Additionally, to examine whether uPAR signals through β-catenin, the spheroids were transfected using pU/pUM constructs, designed to knock down uPAR and MMP-9, and also simultaneously with cignal TCF/LEF reporter (luc) construct. The IR treatment increased spheroid migration (Fig. 4, C and D) and expression of migration-associated molecules such as β-catenin and uPAR as determined by RT-PCR analysis (Fig 4, C2 and D2). The pU and pUM treatments resulted in loose, poorly adherent, and less invasive spheroids and suppressed TCF/LEF reporter activity in IR-treated spheroids (Fig. 4, C1 and D1). The pU and pUM treatment also showed increased p-β-catenin and decreased nuclear translocation of β-catenin·TCF/LEF proteins after IR treatment (p < 0.05). Moreover, we observed lower MMP-9 and WNT-7a levels after pU/pUM treatment of CSCs (Fig. 4E).
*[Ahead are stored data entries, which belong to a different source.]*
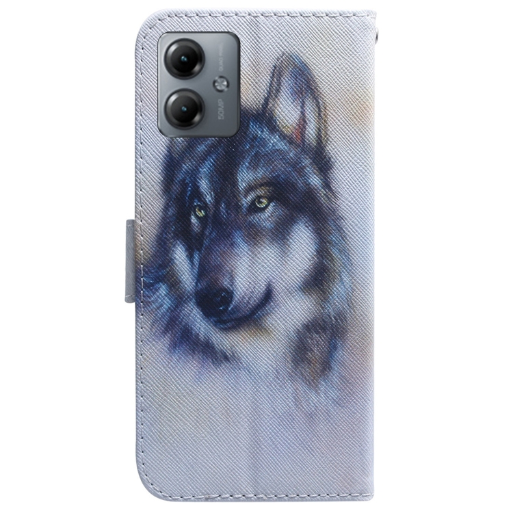 Funda de Cuero con Tapa para Motorola Moto G14 con Dibujo Lobo Blanco
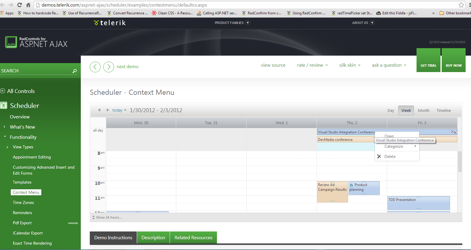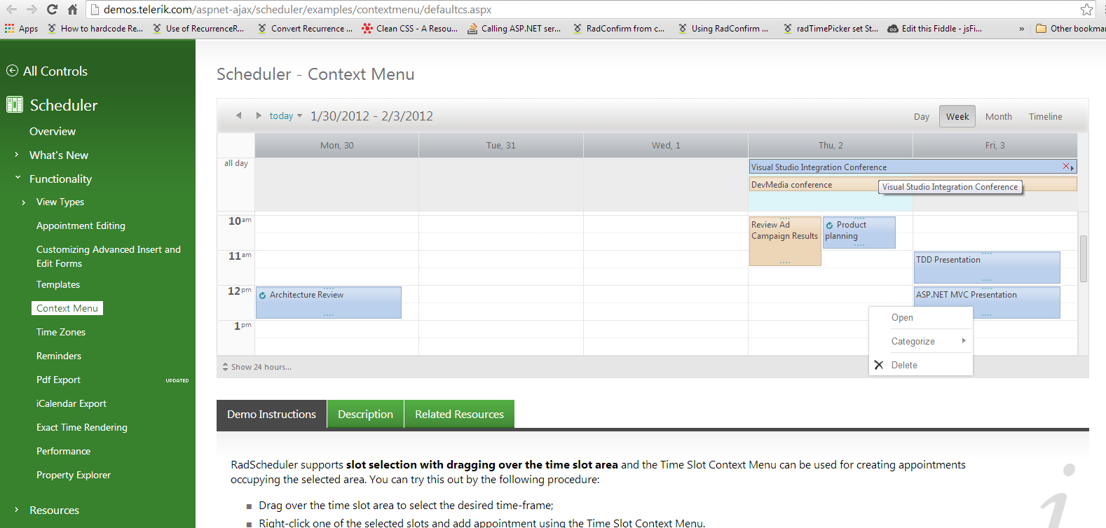 When I right click on booking in telerik demo site, I get context menu on proper place as shown in Screen1(attachment).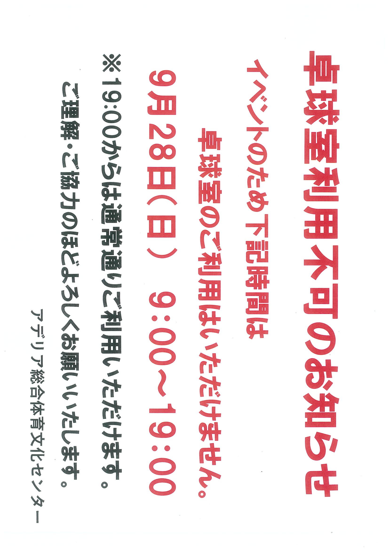 9月28日(日) イベントのため卓球室は9:00〜19:00ご利用いただけません。なお、19:00からは通常通りご利用いただけます。
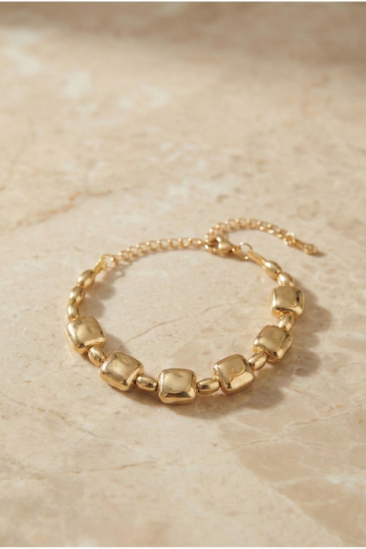 Altın Kaplama Kareli Dorika Ayarlanabilir Bileklik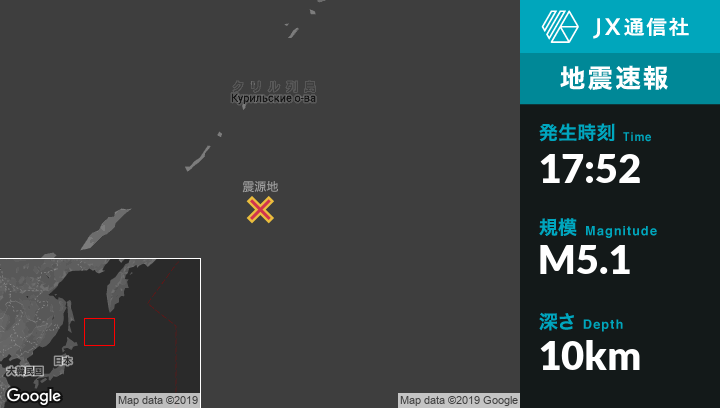 7月18日 17:52頃、ロシアのKuril'skから東北東442kmの地点でM5.1の地震がありました。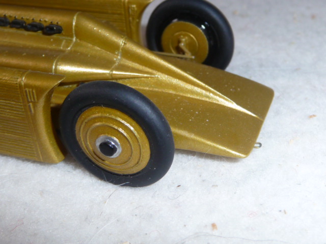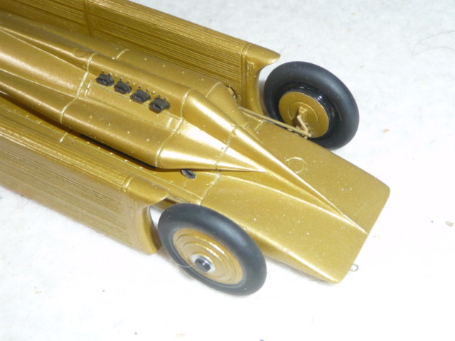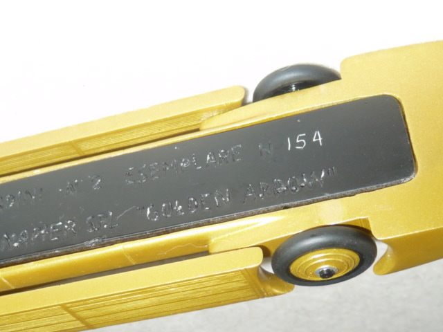 Visto l\’interesse che ha incontrato il post sul Sunbeam 1000HP, ho deciso di fare una serie di piccole retrospettive sui primi modelli di Ugo Fadini, almeno fino ai modelli numero 6-7, arrivando quindi al 1982/3. Dopo il Sunbeam, Fadini mise in cantiere un altro mezzo utilizzato da Segrave, il Golden Arrow Irving Napier del 1929, che a Daytona stabilì il record di velocità su terra a oltre 334 km/h. Questo è probabilmente uno dei modelli più rari della produzione Fadini: uscito nel 1976, il Golden Arrow si arrestò dopo 160 esemplari, anche per la complessità del montaggio e della finitura di certi dettagli, come la scritta alle spalle del pilota, fatta a mano. Le gomme sono in resina e ancora oggi, dopo 36 anni, il Golden Arrow di Fadini non impallidisce al confronto con modelli ben più recenti. Si trattava di un primo passo in avanti rispetto al pur sempre ottimo Sunbeam 1000HP, anche considerando l\’epoca ancora pionieristica. Nel 1976 non erano in molti a poter produrre modelli con questo livello di finitura, anzi si può dire che i Fadini rappresentavano lo stato dell\’arte nell\’1:43 artigianale.
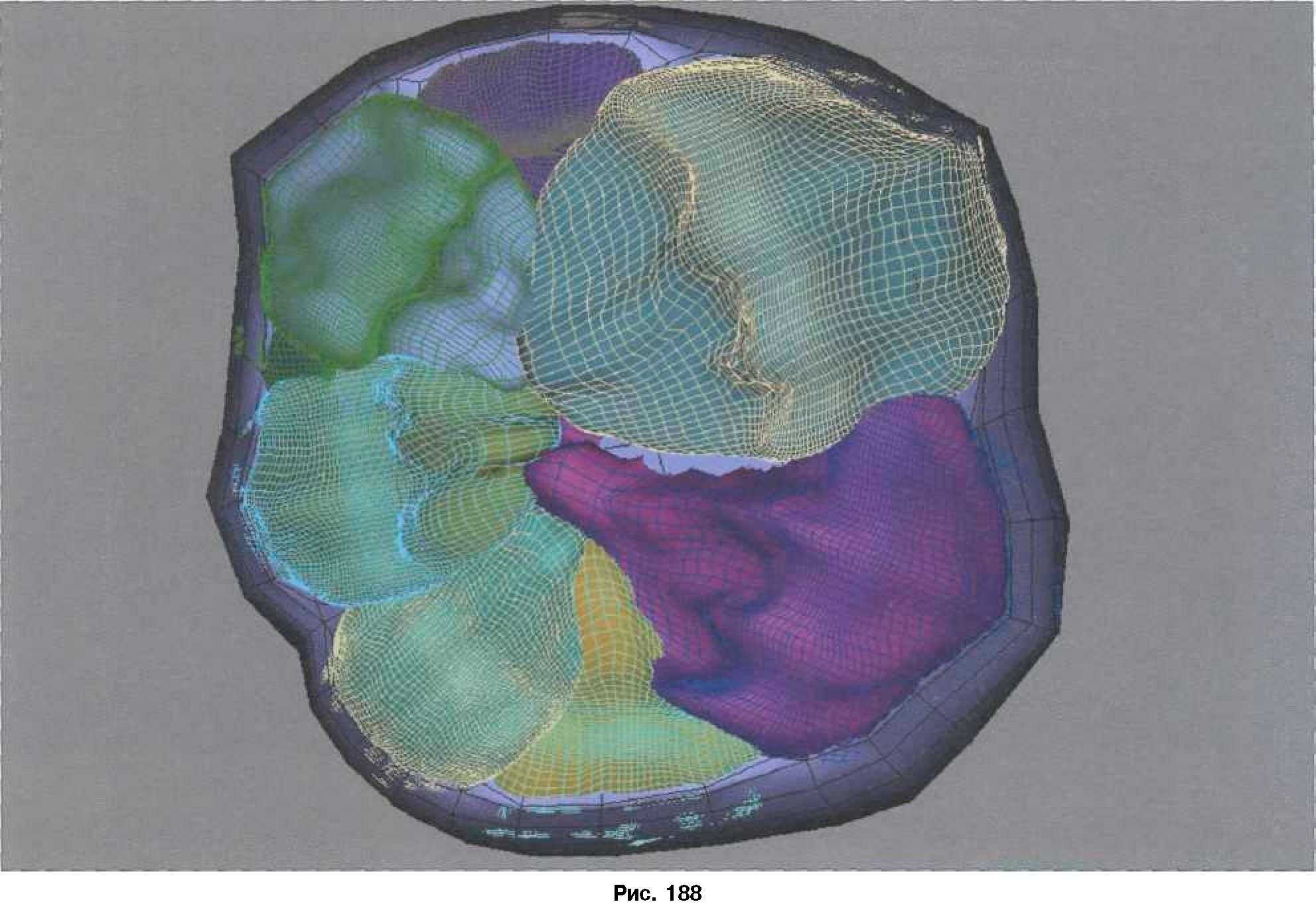 Соблюдение основных пропорций, грамотное расположение одонтомеров по поверхности, гармоничное их сочетание приводит к образованию новой композиции в виде первого моляра нижней челюсти. Рис. 188 отображает процесс формообразования первого моляра, который состоит из 8 одонтомеров (клыков) разного цвета (вид сверху). Можно себе представить, какое многообразие поверхностей существует, если преобразовывать данную величину, исполнять при этом определенные последовательности в моделировании. Образуется огромное количество геометрических форм, которые определенным образом сочетаются друг с другом, находясь в гармонии и выполняя соответствующие функции.

uPAR Knockdown Suppressed in Vivo Canonical WNT Pathway

D283-TCF/LEF GFP stable cells were enriched for CSCs by subjecting to neurosphere formation (Fig. 5A1) followed by IR treatment, after which neurosphere suspension was implanted in the cerebellum region of nude mice. IR-treated D283-TCF/LEF GFP stable cell neurospheres showed increased migration to parts of the cerebellar hemisphere. The pU and pU + IR treatment showed lower GFP expression and reduced migration, wherein GFP expression was restricted to the site of injection when compared with the respective controls (Fig. 5A2).

FIGURE 5. — **uPAR knockdown (pU) suppresses WNT signaling in *in vivo* tumors.** A1 and A2, intracerebral tumors were established by surgical orthotopic implantation of D283 TCF/LEF-GFP stable cell neurospheres (D283TCF/LEF-GFP neurospheres) in nude mice. The mice were given intravenous treatment of pU plasmids as described under “Experimental Procedures.” Mouse brains were subjected to GFP imaging using stereo zoom dissection microscope (SZX12, Olympus, Melville, NY) before fixing in 10% buffered formalin and processed for paraffin embedding. B, brain tissue sections were subjected to immunohistochemistry analysis. Immunohistochemical comparison using red and blue Alexa Fluor conjugates for β-catenin and uPAR, respectively.

Furthermore, IR-treated tumors showed lower tumor burden and scattered tumor presence with multiple tumor foci, when compared with non-IR treated tumors in H&E staining. In contrast, pU- and pU + IR-treated mice failed to form aggressive tumors and showed decreased tumor burden (supplemental Fig. 3A, lane 1). We further performed 3,3′-diaminobenzidine staining, which confirmed increased β-catenin and uPAR expression in tumor regions. From 3,3′-diaminobenzidine staining, we observed several brown spots of β-catenin and uPAR within the nucleus, which were more prominent in IR-treated tumors. The pU- and pU + IR-treated tumors showed low levels of β-catenin and its nuclear localization (supplemental Fig. 3A, lanes 2 and 3). Additionally, immunofluorescence studies using Alexa Fluor-conjugated secondary antibody against uPAR (Fig. 5B, blue) and β-catenin (red) confirmed their association (pink) in in vivo tumors. In IR-treated tumors, we observed increased uPAR and β-catenin levels that were spread throughout the tumor region. In both non-IR and IR-treated tumors, suppression of uPAR inhibited β-catenin expression (Fig. 5B).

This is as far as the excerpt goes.